Engine(teradatasql://AOA_MASTER:***@3.238.151.85)

In [3]:
from xgboost import XGBClassifier
from sklearn.preprocessing import MinMaxScaler
from sklearn.pipeline import Pipeline


train_pdf = DataFrame.from_query("""
SELECT 
    F.*, D.hasdiabetes 
FROM pima_patient_features F
JOIN pima_patient_diagnoses D
    ON F.patientid = D.patientid
""").to_pandas(all_rows=True)

features = ["NumTimesPrg", "Age", "PlGlcConc", "BloodP", "SkinThick", "TwoHourSerIns", "BMI", "DiPedFunc"]
target = "HasDiabetes"

# split data into X and y
X_train = train_pdf[features]
y_train = train_pdf[target]

model = Pipeline([('scaler', MinMaxScaler()),
                  ('xgb', XGBClassifier(eta=0.2, max_depth=6))])

model.fit(X_train, y_train)


Pipeline(steps=[('scaler', MinMaxScaler()),
                ('xgb', XGBClassifier(eta=0.2, max_depth=6))])

#### Convert the model to PMML

You can use the sklearn2pmml or the nyoka python libraries to convert to pmml. The nyoka is a python only package and so it is preferrable. 

In [4]:
from nyoka import xgboost_to_pmml

xgboost_to_pmml(pipeline=model, col_names=features, target_name=target, pmml_f_name="model.pmml")
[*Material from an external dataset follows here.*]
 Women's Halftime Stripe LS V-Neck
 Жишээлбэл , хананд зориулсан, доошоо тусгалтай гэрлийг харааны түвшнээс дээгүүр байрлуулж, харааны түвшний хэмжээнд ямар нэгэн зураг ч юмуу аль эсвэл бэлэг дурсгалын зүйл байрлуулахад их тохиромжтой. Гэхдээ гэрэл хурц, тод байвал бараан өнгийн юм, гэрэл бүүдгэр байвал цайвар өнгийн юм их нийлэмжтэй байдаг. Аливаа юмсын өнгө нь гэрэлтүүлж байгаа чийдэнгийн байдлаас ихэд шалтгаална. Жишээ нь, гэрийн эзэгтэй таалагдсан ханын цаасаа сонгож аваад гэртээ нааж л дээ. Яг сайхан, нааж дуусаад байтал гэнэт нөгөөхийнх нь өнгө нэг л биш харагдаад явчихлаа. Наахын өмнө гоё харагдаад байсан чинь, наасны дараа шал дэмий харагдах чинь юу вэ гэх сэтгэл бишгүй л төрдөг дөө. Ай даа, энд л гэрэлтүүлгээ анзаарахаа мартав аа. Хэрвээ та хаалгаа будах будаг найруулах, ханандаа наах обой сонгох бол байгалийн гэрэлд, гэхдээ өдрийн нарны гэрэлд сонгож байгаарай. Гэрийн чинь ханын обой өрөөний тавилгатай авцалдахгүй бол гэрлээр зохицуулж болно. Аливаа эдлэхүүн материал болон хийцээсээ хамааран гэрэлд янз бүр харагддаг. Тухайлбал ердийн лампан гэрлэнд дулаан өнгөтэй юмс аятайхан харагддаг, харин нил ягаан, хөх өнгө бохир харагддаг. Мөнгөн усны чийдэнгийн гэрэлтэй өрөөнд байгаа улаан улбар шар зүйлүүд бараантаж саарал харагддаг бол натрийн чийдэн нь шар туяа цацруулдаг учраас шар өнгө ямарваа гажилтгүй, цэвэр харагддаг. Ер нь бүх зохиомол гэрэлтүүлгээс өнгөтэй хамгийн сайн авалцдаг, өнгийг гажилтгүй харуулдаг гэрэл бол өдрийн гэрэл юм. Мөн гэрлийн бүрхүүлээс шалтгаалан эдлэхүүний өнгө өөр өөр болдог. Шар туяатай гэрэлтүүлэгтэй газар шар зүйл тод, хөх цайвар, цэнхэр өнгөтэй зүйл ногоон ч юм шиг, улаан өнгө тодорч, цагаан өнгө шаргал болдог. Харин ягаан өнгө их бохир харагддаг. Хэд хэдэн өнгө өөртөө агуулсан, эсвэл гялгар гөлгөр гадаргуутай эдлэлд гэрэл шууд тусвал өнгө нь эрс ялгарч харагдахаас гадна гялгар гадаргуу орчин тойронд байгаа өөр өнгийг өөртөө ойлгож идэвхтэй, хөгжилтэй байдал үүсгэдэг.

#### Convert the model to ONNX

We can also convert the model to onnx format. This is a bit more involved as the client libraries for converting from sklearn/xgboost to onnx are not yet as mature.

In [7]:
import numpy as np
from skl2onnx import to_onnx
from skl2onnx import convert_sklearn, to_onnx, update_registered_converter
from skl2onnx.common.shape_calculator import (
    calculate_linear_classifier_output_shapes,
    calculate_linear_regressor_output_shapes)
from onnxmltools.convert.xgboost.operator_converters.XGBoost import convert_xgboost
from onnxmltools.convert import convert_xgboost as convert_xgboost_booster

update_registered_converter(
    XGBClassifier, 'XGBoostXGBClassifier',
    calculate_linear_classifier_output_shapes, convert_xgboost,
    options={'nocl': [True, False], 'zipmap': [True, False, 'columns']})


model_onnx = to_onnx(model, X_train.astype(np.float32), target_opset=15)
with open("model.onnx", "wb") as f:
    f.write(model_onnx.SerializeToString())
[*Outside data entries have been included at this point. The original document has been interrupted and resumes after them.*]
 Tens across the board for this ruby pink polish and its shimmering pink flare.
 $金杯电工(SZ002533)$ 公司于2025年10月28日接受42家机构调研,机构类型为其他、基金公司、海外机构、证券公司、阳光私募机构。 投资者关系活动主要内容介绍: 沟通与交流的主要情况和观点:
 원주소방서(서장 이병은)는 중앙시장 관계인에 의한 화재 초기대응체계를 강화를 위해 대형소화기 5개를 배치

## Import into ModelOps to Operationalize

Go to the ModelOps UI and import this as a new model version. Then follow the workflow to deploy. Note that you can also import programatically via the ModelOps Python SDK. 

You may be wondering why you can't just directly insert the onnx or pmml model directly into the database table. And the answer is you can. However, with ModelOps, you get full governance around this model deployment, including data drift and model monitoring and alerting. 


### View Published Models

Once deployed via ModelOps, we can view the models published to vantage by querying the table they are published to. Note this information is available via the AOA APIs also.



In [13]:
pd.options.display.max_colwidth = 250
pd.read_sql("SELECT TOP 2 * FROM aoa_byom_models", get_connection())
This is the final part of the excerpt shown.